--- Stored data ---
--------------------
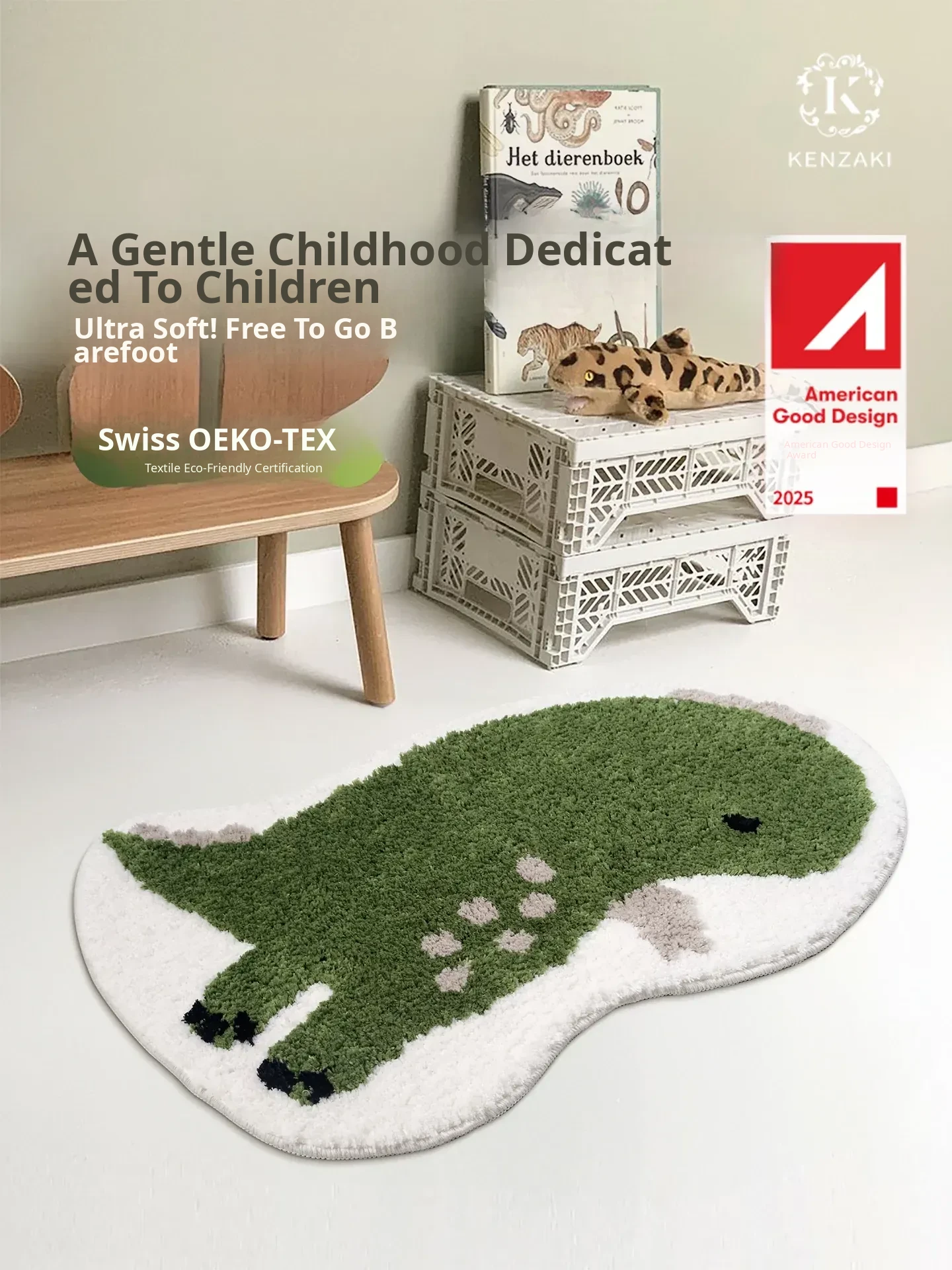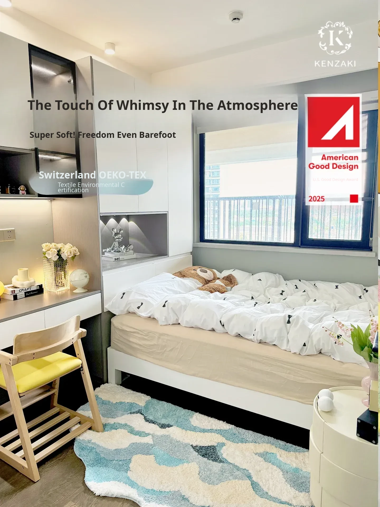 KENZAKI Washable Soundproof Non-Slip Area Rug for Kids - Perfect for Bedrooms and Living Rooms, Ideal for Playtime and Safety!
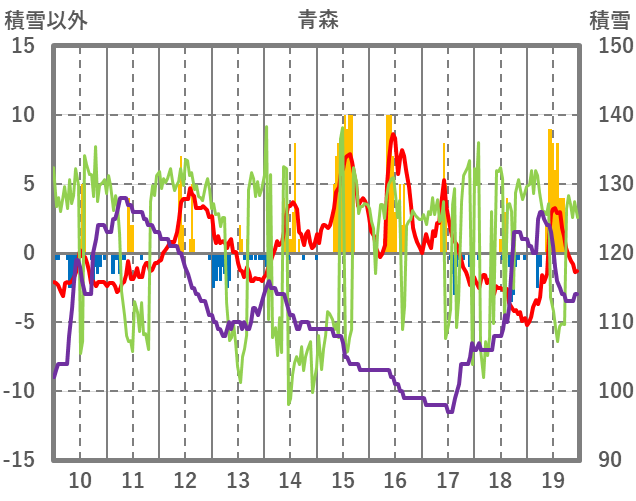 | 日 | 時 | 気温 | 降水 | 風向/風速 | 日照 | 積雪 | 降雪 |
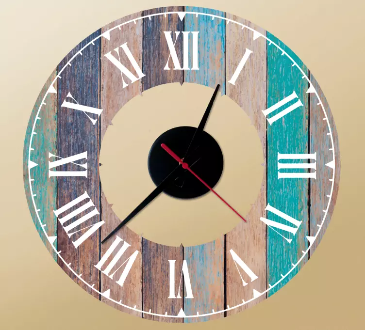 Referenz: A49324Dieses Design verfügt über ein charmantes Ziffernblatt mit einer Vielzahl von römischen Ziffern, die um einen kreisförmigen Holz-Effekt angeordnet sind. Die Kombination aus Farben und Texturen verleiht ein rustikales Gefühl und macht es zu einer eleganten Ergänzung für jeden Wohnraum.
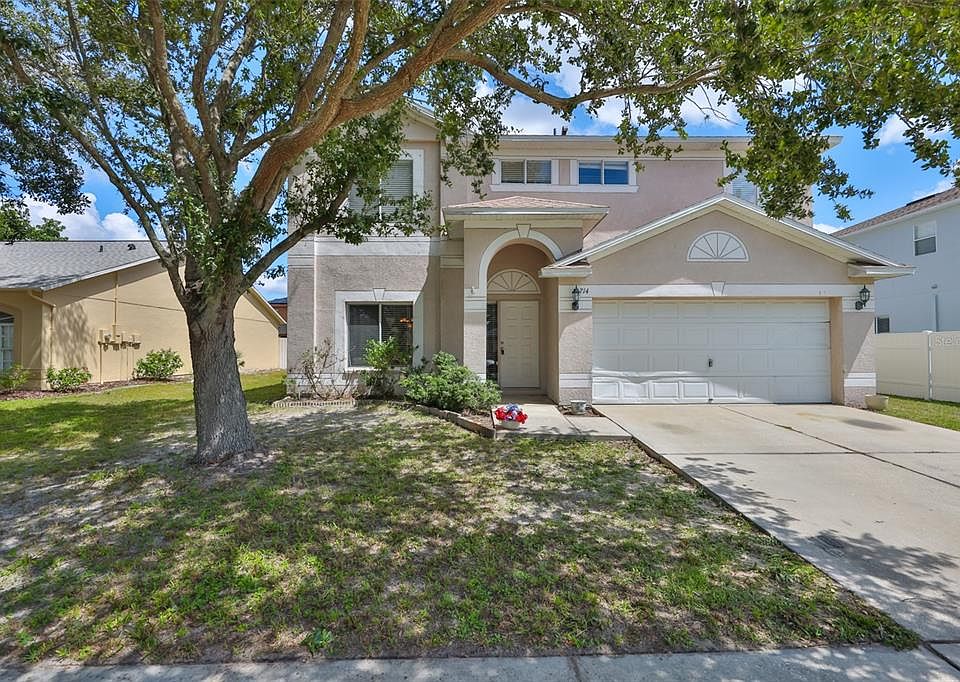 Welcome to this inviting two-story home in the Copperfield subdivision, part of the sought-after Summerfield Village community, where comfort meets convenience in a vibrant golf and amenity-rich setting. Step through the front door into a light-filled foyer that leads to a spacious formal living and dining area, accented with classic chair rail detailing. The kitchen offers abundant cabinetry, a window overlooking the backyard, and a cozy eat-in space that opens to the great room-perfect for gathering with family and friends. A NEW ROOF (2022) provides added peace of mind. You'll also find a large storage area tucked under the stairs for seasonal items or household extras. The first floor is finished in beautiful wood-grain laminate flooring, with vinyl in the conveniently located half bath for guests. Journey upstairs to find a versatile loft-ideal as a playroom, home office, or reading retreat. The primary suite, set apart for privacy, features a generous Ensuite with walk-in closet, dual vanities, a relaxing garden tub, and a separate shower. Two additional bedrooms share a full bath, and the laundry room, complete with washer and dryer, is conveniently located on this level. Upstairs is carpeted throughout the bedrooms and loft, with vinyl flooring in the laundry room and bathrooms for easy care. The oversized two-car garage with built-in cabinets includes a dedicated workshop area for hobbies or projects. The home sits on a large, partially fenced lot that can easily be extended, with a side gate, to a fully fenced yard, offering flexibility for pets, play, or gardening. Enjoy close proximity to the Summerfield Community Center, where residents have access to 2 pools, an indoor basketball gym, fitness rooms, tennis and volleyball courts, a dog park, playground, pavilion, and event rental hall. Golf enthusiasts will love the nearby Summerfield Crossings Golf Club with its 18-hole course, driving range, putting green, on-site grille, and banquet facility. Very easy commute to Tampa! Very close to World Renowned Sugar Sand beaches in any direction, a public boat launch, Freedom Boat Club, Tampa Bay City Life, International Airports and Hospitals. With low HOA fees, NO CDD fees, and peace of mind knowing the home is not located in a flood zone, this is a rare find. This property was appraised in June 2025 for $356,000. It is listed $32,000 below appraised value. Don't let this opportunity slip away-schedule your private showing today before this gem is going. going gone!
--------------------
--- Your instructions ---
Reproduce exactly the lines from the beginning of the material down to the line containing "Referenz: A49324Dieses Design", both ends included, but not the pictures or anything after.

--- Exercise response ---
 KENZAKI Washable Soundproof Non-Slip Area Rug for Kids - Perfect for Bedrooms and Living Rooms, Ideal for Playtime and Safety!
 | 日 | 時 | 気温 | 降水 | 風向/風速 | 日照 | 積雪 | 降雪 |
 Referenz: A49324Dieses Design verfügt über ein charmantes Ziffernblatt mit einer Vielzahl von römischen Ziffern, die um einen kreisförmigen Holz-Effekt angeordnet sind. Die Kombination aus Farben und Texturen verleiht ein rustikales Gefühl und macht es zu einer eleganten Ergänzung für jeden Wohnraum.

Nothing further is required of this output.